Dataset Block Start

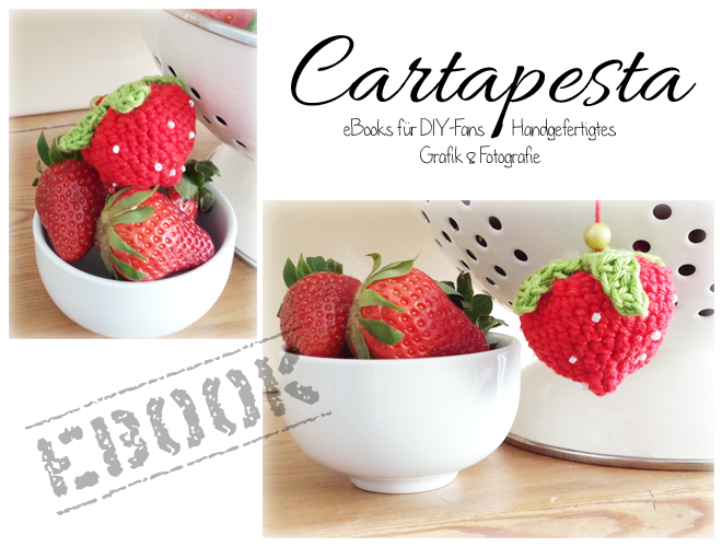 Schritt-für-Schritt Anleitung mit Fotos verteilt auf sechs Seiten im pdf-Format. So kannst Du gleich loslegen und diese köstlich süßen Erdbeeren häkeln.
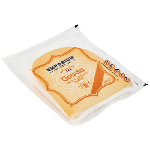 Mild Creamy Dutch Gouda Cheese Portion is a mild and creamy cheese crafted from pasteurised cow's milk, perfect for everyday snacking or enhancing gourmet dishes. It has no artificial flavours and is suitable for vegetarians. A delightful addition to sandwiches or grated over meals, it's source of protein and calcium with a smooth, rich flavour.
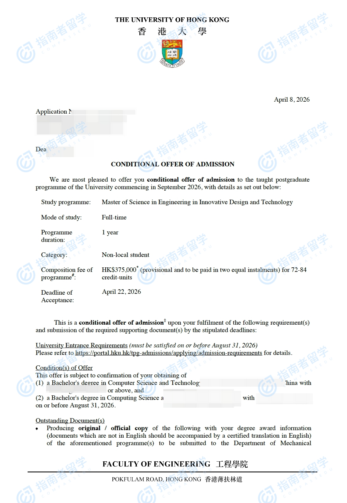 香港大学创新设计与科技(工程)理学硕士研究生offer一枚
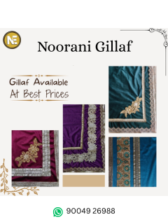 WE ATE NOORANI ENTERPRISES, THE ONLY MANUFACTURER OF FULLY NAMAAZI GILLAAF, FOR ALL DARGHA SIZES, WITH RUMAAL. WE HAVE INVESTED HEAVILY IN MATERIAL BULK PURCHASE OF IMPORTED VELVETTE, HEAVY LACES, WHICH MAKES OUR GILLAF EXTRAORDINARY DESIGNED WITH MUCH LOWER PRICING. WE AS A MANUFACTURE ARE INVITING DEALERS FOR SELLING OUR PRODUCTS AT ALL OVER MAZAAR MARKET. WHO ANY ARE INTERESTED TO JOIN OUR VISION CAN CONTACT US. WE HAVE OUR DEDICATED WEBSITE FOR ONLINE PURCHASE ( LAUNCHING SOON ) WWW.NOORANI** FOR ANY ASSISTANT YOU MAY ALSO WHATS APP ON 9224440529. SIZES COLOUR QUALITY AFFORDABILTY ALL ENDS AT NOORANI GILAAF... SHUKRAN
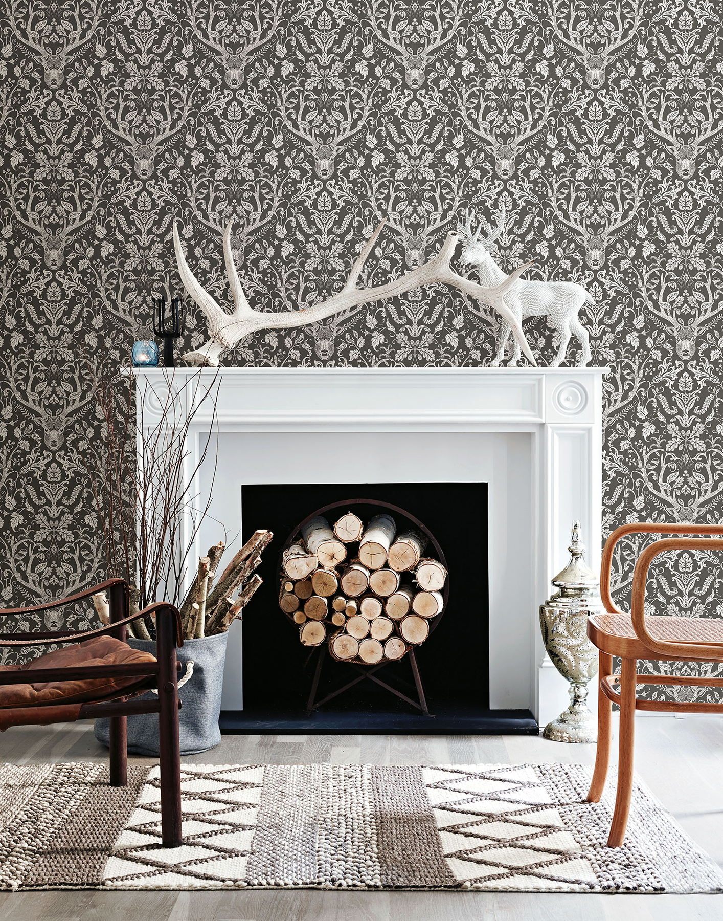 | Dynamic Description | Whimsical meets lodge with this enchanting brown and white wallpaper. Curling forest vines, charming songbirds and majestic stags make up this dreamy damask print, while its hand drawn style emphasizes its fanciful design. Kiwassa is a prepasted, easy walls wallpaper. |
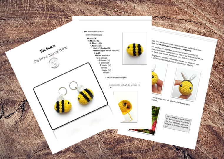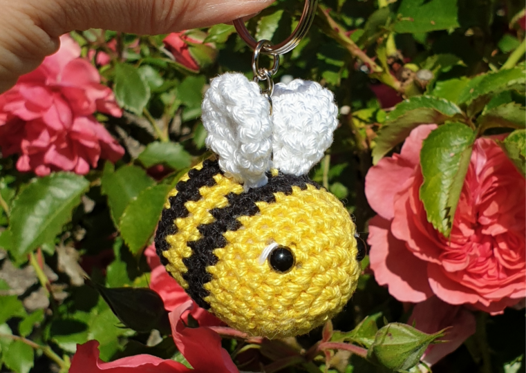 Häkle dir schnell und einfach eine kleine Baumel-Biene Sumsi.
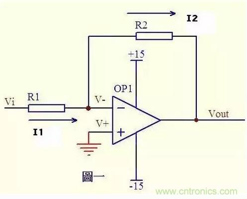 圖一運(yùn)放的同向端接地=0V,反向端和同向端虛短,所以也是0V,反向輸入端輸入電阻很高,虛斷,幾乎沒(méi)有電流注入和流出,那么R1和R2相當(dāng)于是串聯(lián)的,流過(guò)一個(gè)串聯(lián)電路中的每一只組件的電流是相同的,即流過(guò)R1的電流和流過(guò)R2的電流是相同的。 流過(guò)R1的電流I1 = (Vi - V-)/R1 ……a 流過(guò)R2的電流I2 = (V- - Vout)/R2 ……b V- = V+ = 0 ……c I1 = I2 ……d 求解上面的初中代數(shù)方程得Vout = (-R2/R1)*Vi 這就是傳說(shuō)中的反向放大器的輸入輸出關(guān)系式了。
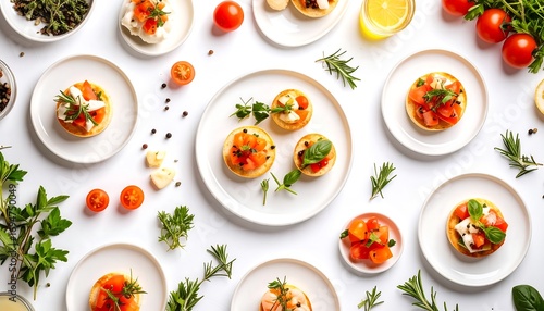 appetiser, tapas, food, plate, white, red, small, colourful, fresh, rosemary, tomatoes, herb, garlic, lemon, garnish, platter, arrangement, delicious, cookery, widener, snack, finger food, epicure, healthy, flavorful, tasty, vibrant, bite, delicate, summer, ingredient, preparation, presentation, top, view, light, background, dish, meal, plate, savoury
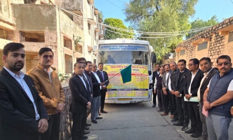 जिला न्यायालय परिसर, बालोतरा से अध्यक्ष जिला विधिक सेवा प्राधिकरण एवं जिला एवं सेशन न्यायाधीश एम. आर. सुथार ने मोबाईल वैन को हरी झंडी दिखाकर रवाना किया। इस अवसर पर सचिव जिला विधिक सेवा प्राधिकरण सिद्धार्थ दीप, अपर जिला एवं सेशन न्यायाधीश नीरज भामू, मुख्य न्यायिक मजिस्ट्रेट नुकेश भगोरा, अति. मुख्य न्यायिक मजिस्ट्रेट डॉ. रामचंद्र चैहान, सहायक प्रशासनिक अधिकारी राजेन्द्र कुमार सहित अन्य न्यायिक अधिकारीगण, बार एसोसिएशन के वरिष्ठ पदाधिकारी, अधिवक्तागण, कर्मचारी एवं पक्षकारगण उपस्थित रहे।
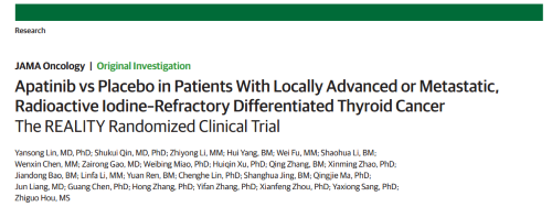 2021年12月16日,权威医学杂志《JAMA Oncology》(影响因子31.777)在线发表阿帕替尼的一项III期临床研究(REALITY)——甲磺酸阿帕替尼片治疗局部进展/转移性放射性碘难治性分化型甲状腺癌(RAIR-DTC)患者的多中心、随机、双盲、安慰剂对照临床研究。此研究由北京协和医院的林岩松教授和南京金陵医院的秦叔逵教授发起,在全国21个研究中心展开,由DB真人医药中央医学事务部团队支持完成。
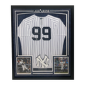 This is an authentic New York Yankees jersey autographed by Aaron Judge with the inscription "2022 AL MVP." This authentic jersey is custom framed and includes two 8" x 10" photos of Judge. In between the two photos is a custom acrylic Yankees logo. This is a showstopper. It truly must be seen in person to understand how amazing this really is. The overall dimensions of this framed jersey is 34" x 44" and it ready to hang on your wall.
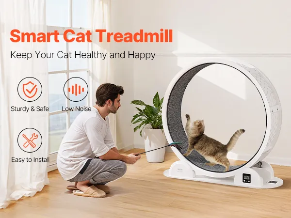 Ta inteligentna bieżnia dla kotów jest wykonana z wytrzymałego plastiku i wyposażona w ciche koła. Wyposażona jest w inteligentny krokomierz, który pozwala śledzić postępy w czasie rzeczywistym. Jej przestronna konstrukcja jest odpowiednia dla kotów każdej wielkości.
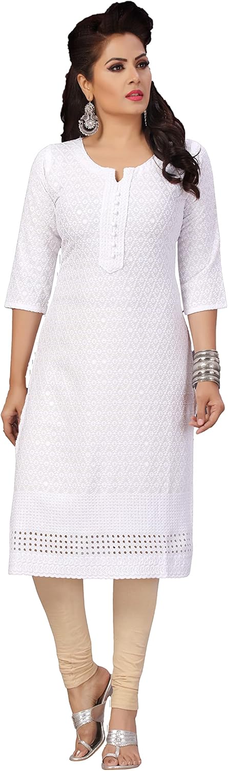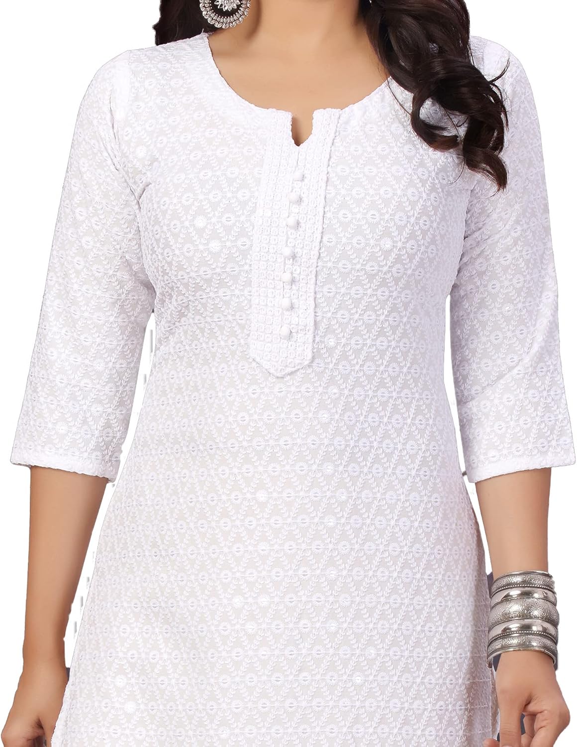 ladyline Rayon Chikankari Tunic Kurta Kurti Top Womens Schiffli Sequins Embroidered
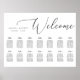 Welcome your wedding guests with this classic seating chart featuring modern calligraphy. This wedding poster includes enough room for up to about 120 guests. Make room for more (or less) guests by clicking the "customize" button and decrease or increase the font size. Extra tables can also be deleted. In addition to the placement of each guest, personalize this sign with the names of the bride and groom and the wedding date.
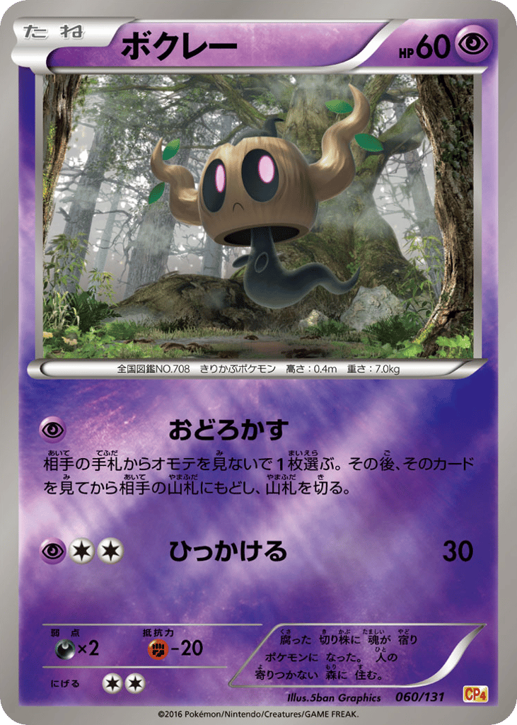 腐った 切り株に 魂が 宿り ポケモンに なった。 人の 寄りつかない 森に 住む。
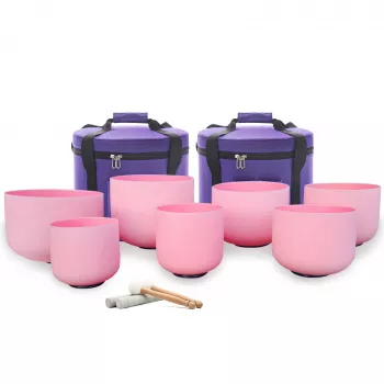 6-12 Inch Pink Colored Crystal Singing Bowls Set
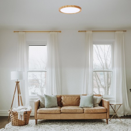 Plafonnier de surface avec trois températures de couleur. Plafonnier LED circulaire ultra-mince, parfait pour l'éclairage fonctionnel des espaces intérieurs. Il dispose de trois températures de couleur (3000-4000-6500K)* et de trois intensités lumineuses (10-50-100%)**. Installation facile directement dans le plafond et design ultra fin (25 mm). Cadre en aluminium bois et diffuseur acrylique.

Dataset Block End

- [Exercise]
Reproduce the data above exactly, but only from the line containing "Ta inteligentna bieżnia" through the line containing "6-12 Inch Pink"; skip the pictures.

- [Expected answer]
 Ta inteligentna bieżnia dla kotów jest wykonana z wytrzymałego plastiku i wyposażona w ciche koła. Wyposażona jest w inteligentny krokomierz, który pozwala śledzić postępy w czasie rzeczywistym. Jej przestronna konstrukcja jest odpowiednia dla kotów każdej wielkości.
 ladyline Rayon Chikankari Tunic Kurta Kurti Top Womens Schiffli Sequins Embroidered
 Welcome your wedding guests with this classic seating chart featuring modern calligraphy. This wedding poster includes enough room for up to about 120 guests. Make room for more (or less) guests by clicking the "customize" button and decrease or increase the font size. Extra tables can also be deleted. In addition to the placement of each guest, personalize this sign with the names of the bride and groom and the wedding date.
 腐った 切り株に 魂が 宿り ポケモンに なった。 人の 寄りつかない 森に 住む。
 6-12 Inch Pink Colored Crystal Singing Bowls Set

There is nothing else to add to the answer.